Entropy, Gini Coefficient, Partition Trees, Bagging, and
Random Forest: A Study Guide
1. Entropy
Definition:
Entropy is a measure of disorder or randomness in a system. In
information theory, entropy quantifies the uncertainty associated with a
random variable. It is defined mathematically as:
Mathematical Representation: For a discrete random
variable \(X\) with possible outcomes
\(x_1, x_2, ..., x_n\) and
probabilities \(p_1, p_2, ..., p_n\),
entropy \(H(X)\) is given by:
\[
H(X) = - \sum_{i=1}^{n} p_i \log_2 p_i
\]
Where: - \(p_i\) is the probability
of occurrence of outcome \(x_i\) - The
base of the logarithm is typically 2 (log base 2), measuring information
in bits
Example: Fair Coin Flip If \(X\) represents the outcome of a fair coin
flip, then: - \(p(\text{heads}) = 0.5\)
- \(p(\text{tails}) = 0.5\)
Applying the entropy formula: \[
H(X) = - (0.5 \log_2 0.5 + 0.5 \log_2 0.5) = 1 \, \text{bit}
\]
A higher entropy value indicates more disorder, while a lower entropy
value represents more certainty or order.
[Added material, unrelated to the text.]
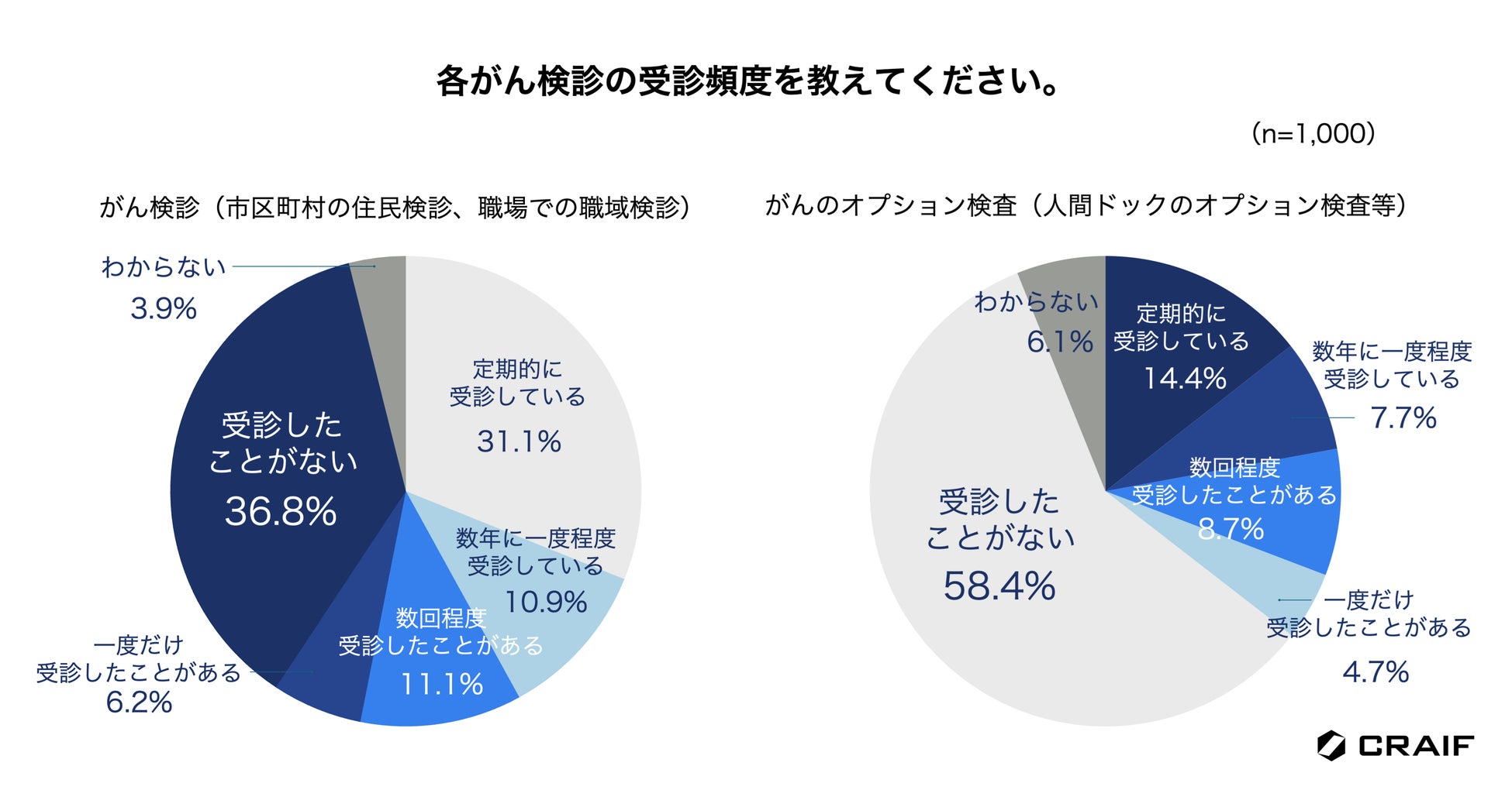 がん検診(市区町村の住民検診、職場での職域検診)の受診頻度を尋ねたところ、「受診したことがない」が36.8%いることがわかりました。また、「数年に一度程度」「数回程度」「一度だけ」と、がん検診が定期的な習慣となっていない層も含めると約7割が定期的にがん検診を受けていなかったことがわかりました。また、がんのオプション検査(人間ドックのオプション検査等)を「定期的に受診している」が全体の14.4%と、がんの早期発見に主体的に取り組んでいる人はごくわずかであることがわかりました。(n=1,000)

Coding Representation in Python:
import numpy as np
def entropy(probabilities):
return -np.sum(probabilities * np.log2(probabilities))
# Example: Fair coin flip
probs = np.array([0.5, 0.5])
print("Entropy:", entropy(probs)) # Output: 1.0
2. Gini Coefficient vs. Gini Impurity
Gini Coefficient (Economics)
The Gini Coefficient measures income inequality in
economics. It ranges from 0 (perfect equality) to 1 (maximum
inequality).
Gini Impurity (Decision Trees)
Gini Impurity is a measure used in classification problems to
quantify how often a randomly chosen element would be incorrectly
labeled.
Mathematical Representation: For a classification
problem with \(k\) classes and
probabilities \(p_1, p_2, ..., p_k\),
the Gini impurity \(G(X)\) is
calculated as:
\[
G(X) = 1 - \sum_{i=1}^{k} p_i^2
\]
Example: Fair Coin Flip \[
G = 1 - (0.5^2 + 0.5^2) = 0.5
\]
Coding Representation in Python:
def gini_impurity(probabilities):
return 1 - np.sum(probabilities**2)
# Example: Fair coin flip
probs = np.array([0.5, 0.5])
print("Gini Impurity:", gini_impurity(probs)) # Output: 0.5
3. Partition Trees
Definition:
Partition trees (decision trees) are non-linear classifiers that
recursively split data into regions to maximize information gain.
Key Concepts:
- CART (Classification and Regression Trees): The
foundation for decision tree algorithms.
- Information Gain: The reduction in entropy or Gini
impurity when making a split.
- Stopping Criteria:
- Minimum information gain threshold
- Maximum depth
- Minimum samples per leaf
Coding Representation:
from sklearn.tree import DecisionTreeClassifier
from sklearn.datasets import load_iris
from sklearn.model_selection import train_test_split
# Load dataset
iris = load_iris()
X_train, X_test, y_train, y_test = train_test_split(iris.data, iris.target, test_size=0.2, random_state=42)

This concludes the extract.